Hi everyone,
I am a dummy in C programming. I have a problem with copying the array of 64 elements of unsigned char to array of 8 element of uint64_t. For example:
unsigned char p[64]
uint64_t Data[8];
memcpy (&Data, &p, 64);
I am not sure if it is right. Please help me. Thanks a lot.
Moreover, do both p and Data have 64 bytes?
memcpy(Data, p, sizeof(Data) > sizeof(p) ? sizeof(p) : sizeof(Data));
Arrays are implicitly converted to pointers to their first element when passing them to functions.
And avoid "urgent" text in titles next time. Post your problem in time instead.
Also, sizeof(Data) > sizeof(p) ? sizeof(p) : sizeof(Data) is a shorthand notification for an if statement. It will return whichever of sizeof(Data) and sizeof(p) that is smaller, to avoid buffer overruns.
Originally Posted by Adak
A char is a byte in C per definition (but it does not need to have 8 bits). uint64_t is exactly 64 bits on platforms where such a type can be implemented.

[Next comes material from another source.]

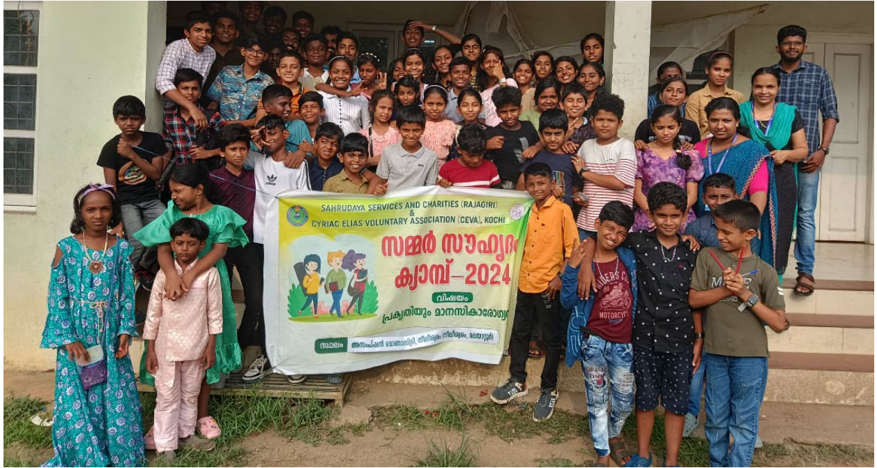
Campers, Scholastics from SH Province and Rajagiri Sahrudaya coordinating team

Following the lunch break, campers were energized by the Vibrant activities led by scholastics from SH province. Rajagiri Sahrudaya coordinating team collected the feedback of three day camp from the campers after the activities. Towards the end, prizes were distributed for each group who performed very well during the camp days. The camp ended with the group photo at 4:30 pm.

Because of that, your solution is not portable. For example, a char could have 16 bits which would mean that a byte on that system also has 16 bits. That means 64 bytes is actually 16 * 64 bits which is more than the Data array can contain.

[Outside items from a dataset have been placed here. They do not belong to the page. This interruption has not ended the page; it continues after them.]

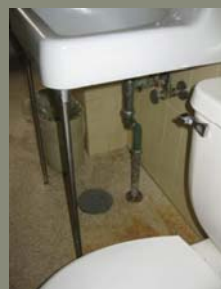
Overflowing dehumidifiers and old plumbing present hazards.
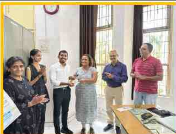
2 nd winner
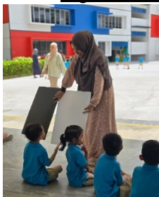
Discovering that black boards retain more heat

11. Earth Day . The theme this year is 'Our Power, Our Planet'. The children explored the solar panels around them and learnt how solar energy can be converted to electricity (see Figure 3).
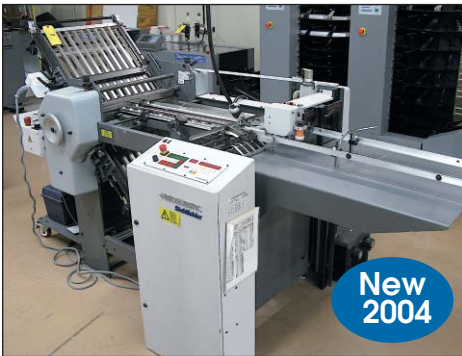
Heidelberg Folder Model B-20-4
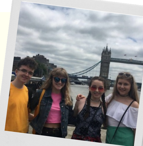
London June 2018
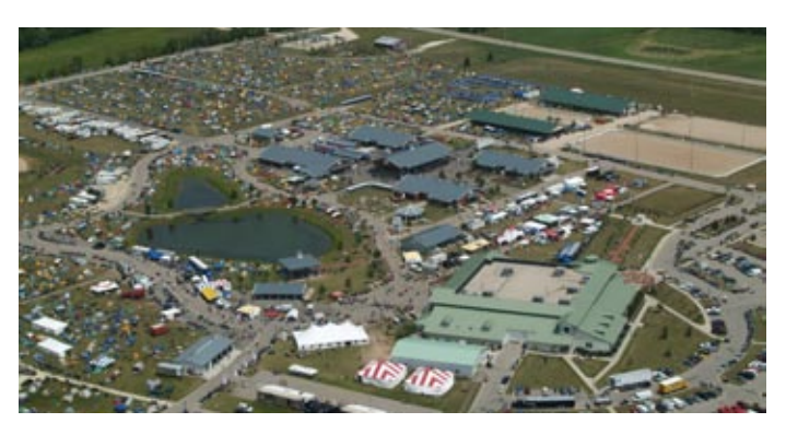
Area of the International Rally
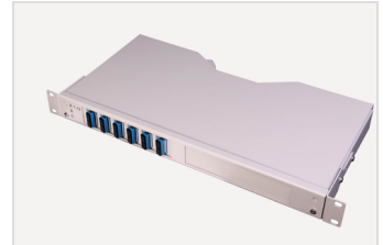
19" FO splice box version 215, with angular adapters
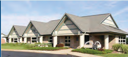
HTSE's 10,000 sq. ft. design facility in Portage, Michigan USA

Envision, engineer, and execute automation projects on time and on budget – project after project.
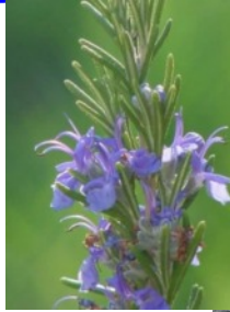
Rosemary for remembrance

www.facebook.com/Forget-Me-Not-Whangarei

&Data is the address of the array, and you should be using either Data or &Data[0] if you want a pointer to the first element. The memory address is the same, but the types are not.

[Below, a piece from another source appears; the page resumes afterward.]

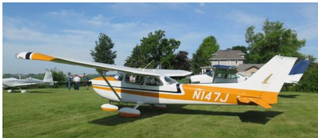
1973 Cessna 172M Skyhawk (N147J) owned by the Four Seven Jays Flying Club Inc.
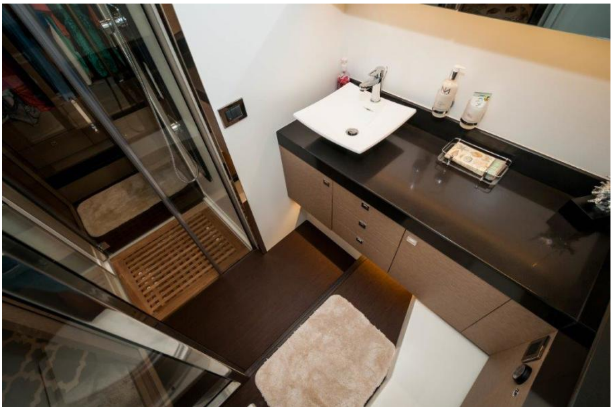
2017 Prestige 56 Flybridge Master Head

Another problem is that you need to know the byte order if you want to do anything meaningful with the uint64_t variable once you've copied the chars into it.
Thank you so much. One more question is how to convert an uint64_t n to an unint64_t array of 8 elements. I tried it with memcpy:
unint64_t Data[8];
memcpy(&Data[0], &n, sizeof(Data))
And then, I tried to print the Data array
if n is 0, it is ok, it printed 00000000
but if n is 1, it is 11111111. It should be 00000001.
Any suggestion? Thank you.
Last edited by lovesunset21; 10-17-2010 at 03:44 PM.
Define "convert" in this context.
Also, I think you fail to understand how memcpy works. The third parameter tells the function how many bytes to copy from source to dest. If source is not 8 * 8 bytes, then I wonder what will happen?
Last edited by Elysia; 10-17-2010 at 03:31 PM.
The problem is that memcpy will try to copy sizeof(...) bytes from src into dest. Clearly the seg fault is because you can't copy after the 4th byte (I am assuming 32-bit ints here) from n, so when memcpy tries to address the 5th byte you overstep your bounds and seg fault.
Try
Also, if you are getting "segmentation fault" rather than "access violation" that leads me to think you're not on Windows, meaning you have man pages. You can learn a lot a lot alot from man pages. TryCode:memcpy(&Data[0], &n, sizeof(int));
Type q to quit. Scroll with the arrow keys.Code:man memcpy
Last edited by QuadraticFighte; 10-17-2010 at 03:35 PM.
> One more question is how to convert an integer n to an unint64_t array of 8 elements.
That doesn't make any sense, and you still have the same problems with portability as I described above. Either way, copying sizeof(Data) number of bytes from the address &n, where n is an integer, will result in you reading in additional garbage and possible trying to access memory you don't have access to (hence the segfault). Think about how many bytes an integer is and how many bytes you're trying to copy when you specify sizeof(Data) as the number of bytes to copy.
Thank you so much for your quick replies.
I need to copy an integer n (or maybe an uint64_t) to an uint64_t array of 8 elements.
For example, if n is 0, the array will be 0 0 0 0 0 0 0 0
if n is 1 then, it will be 0 0 0 0 0 0 0 00000001.
I tried memcpy, but it seems impossible. Can you give me a hint. Thank you so much.
You mean that the last index in the array shall hold the value of the integer and the rest be 0?
Yes, that 's right. And it will increase depend on n. Any idea? Thanks.
Actually, I have to encrypt a counter with three fish algorithm. Therefore, I need to convert it into the array of uint64_t.
memset(your_array, 0), sizeof(your_array) - sizeof(your_array[0]));
your_array[sizeof(your_array) - sizeof(your_array[0])] = n;
You could also use a loop to set index 0...n-1 to 0, and then assign your integer to n.